What to produce:
I would like the records restated word for word, without the pictures.

(Exercise input begins)

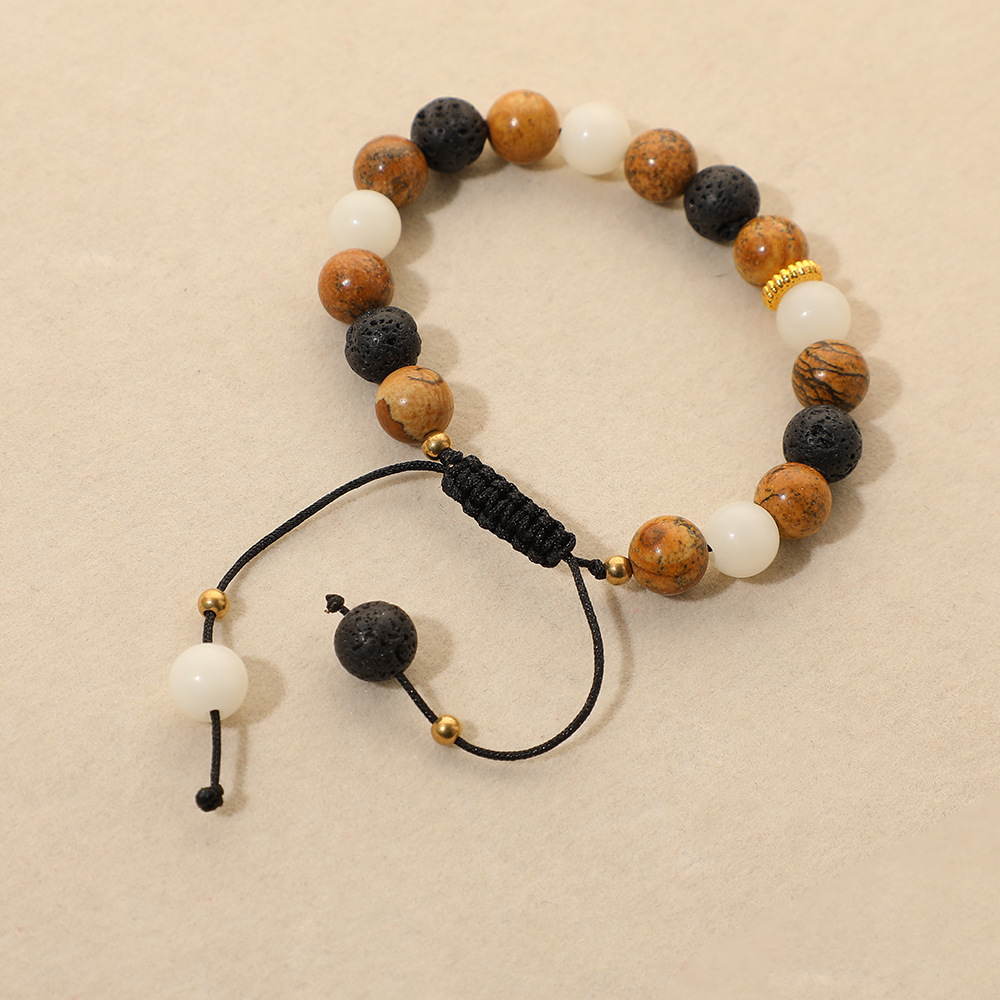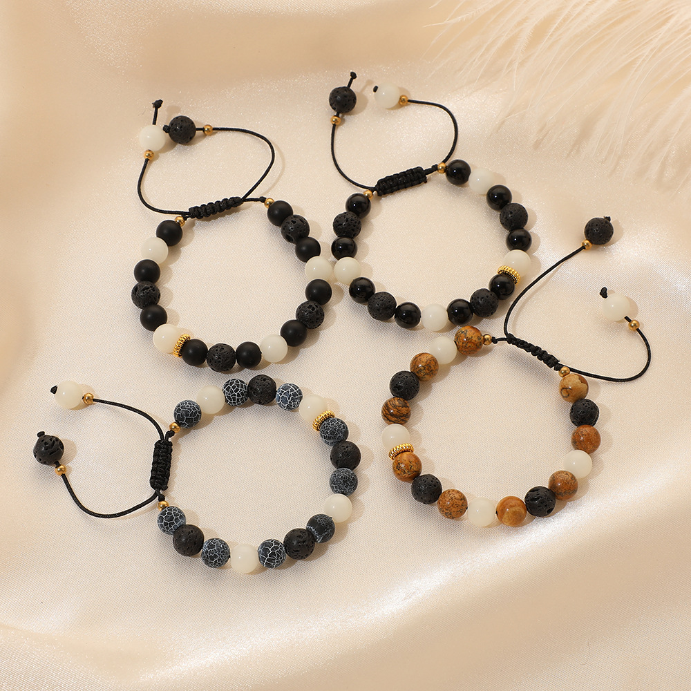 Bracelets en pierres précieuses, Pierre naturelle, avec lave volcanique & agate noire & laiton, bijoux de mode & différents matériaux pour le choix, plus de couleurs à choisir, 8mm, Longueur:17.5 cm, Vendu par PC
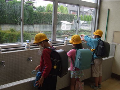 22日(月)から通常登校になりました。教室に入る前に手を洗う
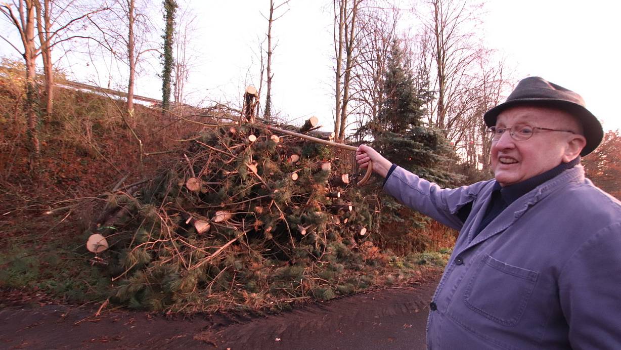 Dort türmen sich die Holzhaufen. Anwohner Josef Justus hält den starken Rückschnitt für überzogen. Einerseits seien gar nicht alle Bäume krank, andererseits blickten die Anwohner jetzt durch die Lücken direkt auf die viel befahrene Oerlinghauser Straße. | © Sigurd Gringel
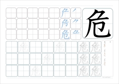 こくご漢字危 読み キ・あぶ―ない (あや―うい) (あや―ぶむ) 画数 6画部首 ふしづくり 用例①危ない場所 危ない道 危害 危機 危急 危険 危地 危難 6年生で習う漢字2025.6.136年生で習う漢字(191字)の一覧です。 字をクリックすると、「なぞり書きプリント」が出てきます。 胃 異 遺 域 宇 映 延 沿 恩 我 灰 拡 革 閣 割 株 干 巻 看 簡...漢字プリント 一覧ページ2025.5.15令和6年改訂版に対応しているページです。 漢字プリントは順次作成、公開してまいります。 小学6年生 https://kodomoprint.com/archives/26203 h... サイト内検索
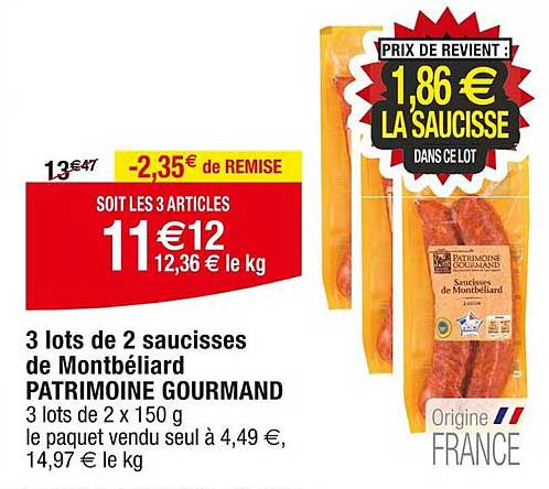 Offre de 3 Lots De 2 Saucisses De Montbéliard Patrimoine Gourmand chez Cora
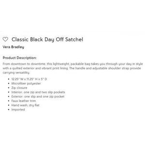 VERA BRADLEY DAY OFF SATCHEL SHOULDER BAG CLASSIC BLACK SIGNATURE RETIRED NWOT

(Exercise input ends)

Exercise response:
 Bracelets en pierres précieuses, Pierre naturelle, avec lave volcanique & agate noire & laiton, bijoux de mode & différents matériaux pour le choix, plus de couleurs à choisir, 8mm, Longueur:17.5 cm, Vendu par PC
 22日(月)から通常登校になりました。教室に入る前に手を洗う
 Dort türmen sich die Holzhaufen. Anwohner Josef Justus hält den starken Rückschnitt für überzogen. Einerseits seien gar nicht alle Bäume krank, andererseits blickten die Anwohner jetzt durch die Lücken direkt auf die viel befahrene Oerlinghauser Straße. | © Sigurd Gringel
 こくご漢字危 読み キ・あぶ―ない (あや―うい) (あや―ぶむ) 画数 6画部首 ふしづくり 用例①危ない場所 危ない道 危害 危機 危急 危険 危地 危難 6年生で習う漢字2025.6.136年生で習う漢字(191字)の一覧です。 字をクリックすると、「なぞり書きプリント」が出てきます。 胃 異 遺 域 宇 映 延 沿 恩 我 灰 拡 革 閣 割 株 干 巻 看 簡...漢字プリント 一覧ページ2025.5.15令和6年改訂版に対応しているページです。 漢字プリントは順次作成、公開してまいります。 小学6年生 https://kodomoprint.com/archives/26203 h... サイト内検索
 Offre de 3 Lots De 2 Saucisses De Montbéliard Patrimoine Gourmand chez Cora
 VERA BRADLEY DAY OFF SATCHEL SHOULDER BAG CLASSIC BLACK SIGNATURE RETIRED NWOT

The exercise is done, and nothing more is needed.